Hey Mountain Timers, it’s
SHAMPOO WEEK
again!
If you don’t remember last year’s Shampoo Week, here’s how it goes: every comic this week will have something to do with that special substance that links our heads to our pets and our carpets. Then maybe I tell you something about shampoo, and maybe you say something about shampoo, and maybe we wash our hair a couple times, and maybe you send me pictures? I dunno.
Apparently the English word shampoo comes from a Hindi word that I don’t have the proper font to type, but it’s basically champo with a line over the a and it refers to a head massage. Then stuff happened and, I dunno, Prell.
Oh, those delicious elbow fittings in the belly of an elbow-fitting-spitting bear. Definitely worth murder.
I remember when Shampoo Week wasn’t so commercial. Those were the days.

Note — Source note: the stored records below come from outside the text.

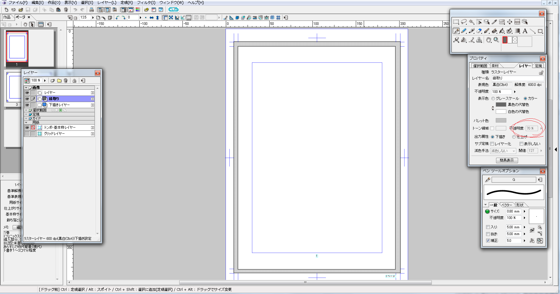 今まで書いていたページに、ペンで描いた所、不透明度が下がっている違和感でやっと気づいたような状態でした。
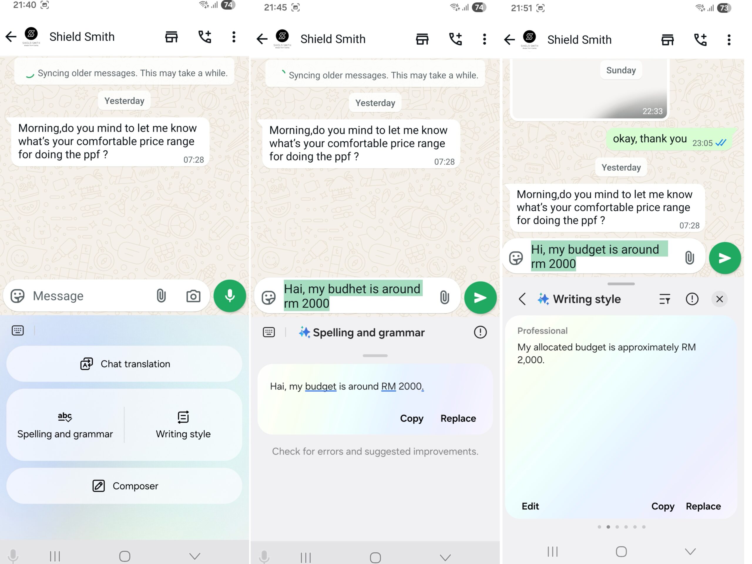 Untuk mesej dan aplikasi lain, Chat Assist menawarkan tiga ciri pada Galaxy Z Flip7 iaitu
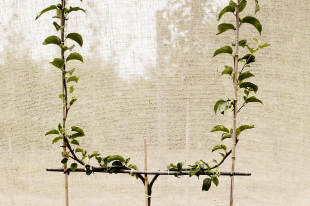 This shape takes a minimum of three years to form. “This is a good shape because you are breaking the vertical plane twice, each time halving the sap and slowing the whole tree down,”. “There is less chance of one limb taking over, or of the whole thing going out of control.”
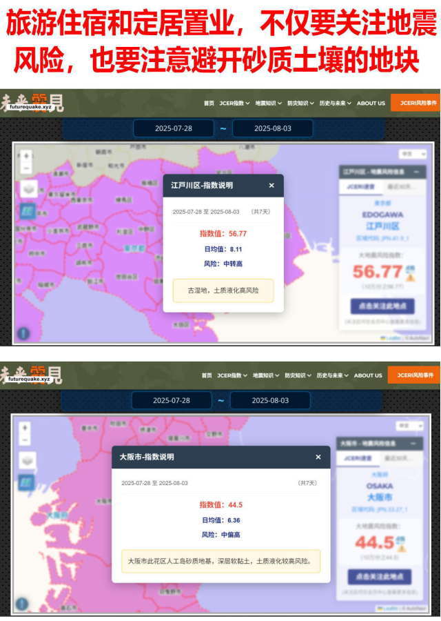 不管你是来日本旅游,还是要在日本置业,在选择住宿地或置业楼盘时,都不妨先查询一下目标地区的指数及有无这类地质风险,以免把安全建立在容易液化的砂质土壤上。
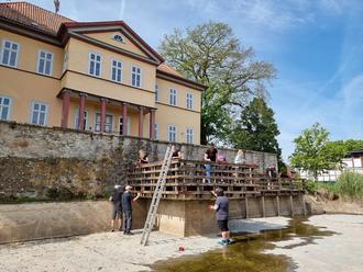 Unsere Dorfmitte glänzt nun wieder mit einem sauberen Schlossteich und einem frisch gestrichenen Steg.
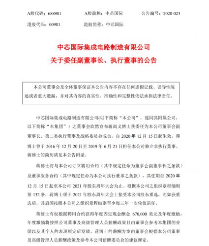 值得注意的是,现年75岁的蒋尚义于2020年12月15日被任命为中芯国际董事会副董事长、第二类执行董事及战略委员会成员。目前,蒋尚义在中芯国际本次任期尚未满一年。
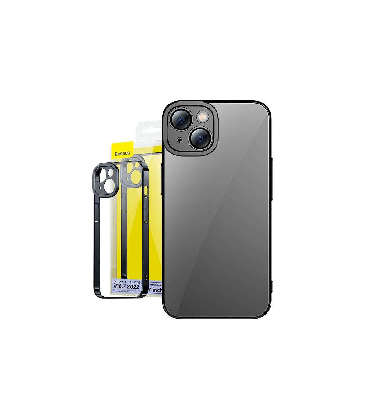 Baseus Glitter Transparent Case and Tempered Glass set for iPhone 14 Plus (black)
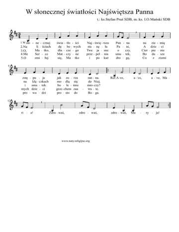 W słonecznej światłości Najświętsza Panna t.: ks.Stefan Pruś SDB, m.:ks. I.O.Mański SDB 43 1.W sło ne cznej li ściach Ma tko, Ser ce zmi łuj 2.Na 3.O, 4.Me 5.O 6 świa dę dla Mat się, tło ści bo wych cze go czy ne Ma tko Naj sta Twe prze i świę nę ja peł po tsza ła sne nia każ Pan Pa o smu dro na ni, czy, tek, gę, na zie mię A dzie ci Cier pie nie Bo du sze Co z ziemi zstę na i mych pro pu je klę czkach smu tek dzie ci wa dzi jak mo bo grze pro zo dlą le chem sto 12 ri a! Zdro waś, rza się śnie zaa do ran na. do Niej. mro czy? tru te. Bo ga. Ref.A ve, a ve, a ve, Ma zdro www.nuty.religijne.org waś, zdro waś, Ma ry ja!
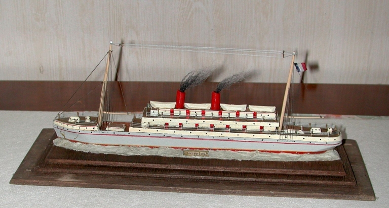 La maquette en bois du navire Cap-Hornier est réalisé en bois dans la masse, sans plan de référence. Elle est gréée de 4 mâts (en bois) avec un gréement courant en textile (cordage synthétique et naturel) et des voiles en tissu synthétique. Elle est présentée sur un support en bois, sous globe. Nous avons repéré mais non étudié une autre maquette, représentant un cargo mixte ravitailleur des Terre-Neuvas en 1914 "Le Lorraine".
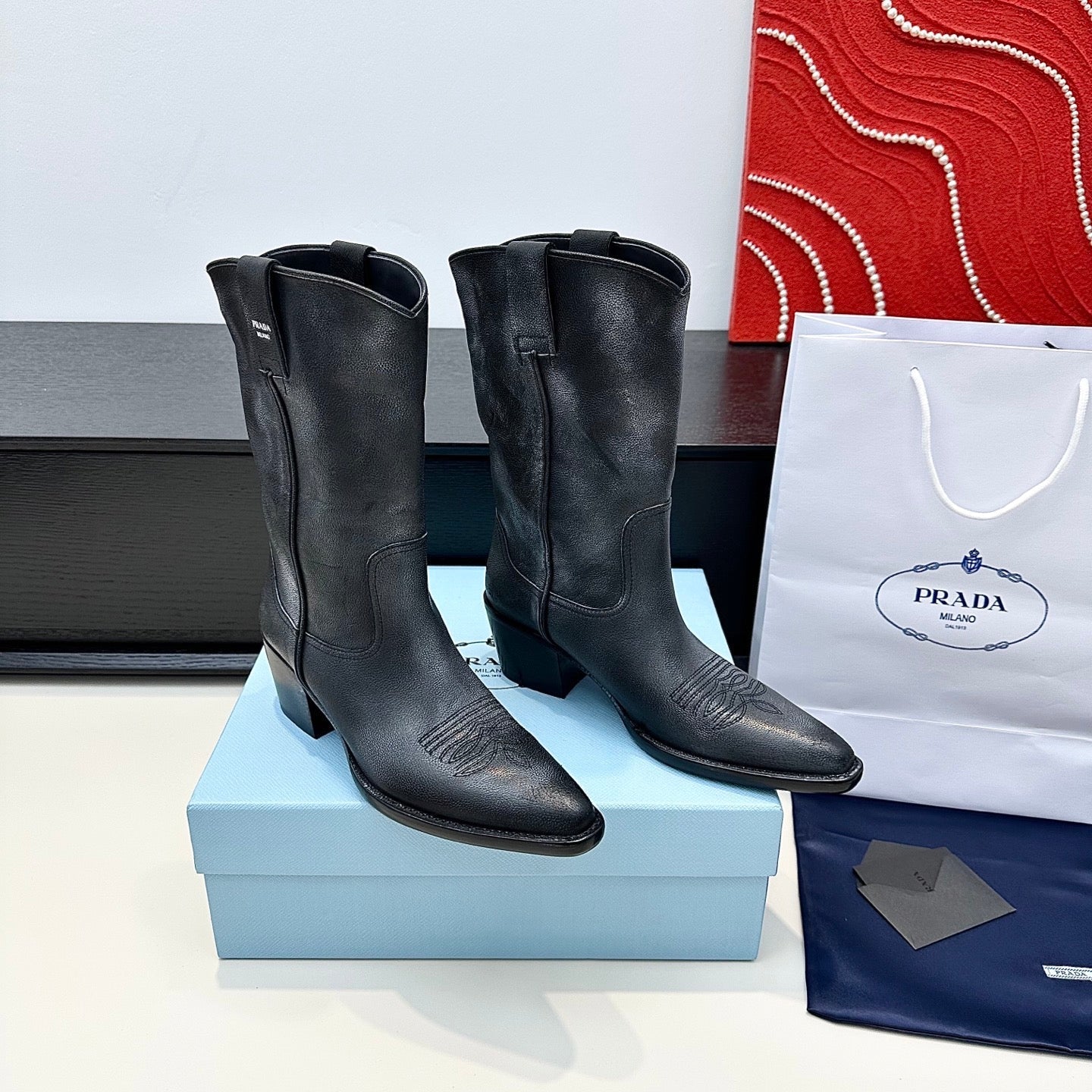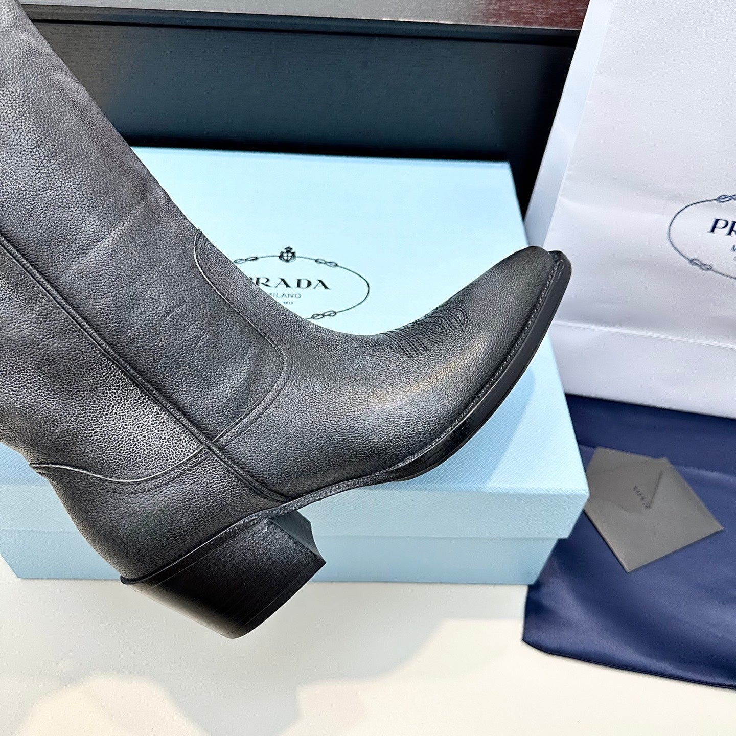 PRADA 25S POINTED-TOE LOW-CUT BOOTS IN BLACK COWHIDE

This is so amazing. I just BOUGHT shampoo today!
Fusion: Holy crap, me too!
Ironically, I used to think my manager’s name was Bernard, and his face looked exactly like that.
Offendi: Do elbow fittings taste anything like elbow macaroni?
Joe: You’re right — it’s bad enough that some places are already selling X-mas stuff, but they’ve been selling shampoo ALL YEAR LONG.
Shampoo buyers: Truly, Shampoo Week is glorious in its mysteries.
HHP: What was it like to be supervised by a bear (regardless of his Bernardism)?
I NEED chainsocks! They are neccessary for my continued well being
Chainsawks! Bet the Marine’ll be wanting some of those!
Also, “yep, those are wolves” might just be the best phrase written in all of literature.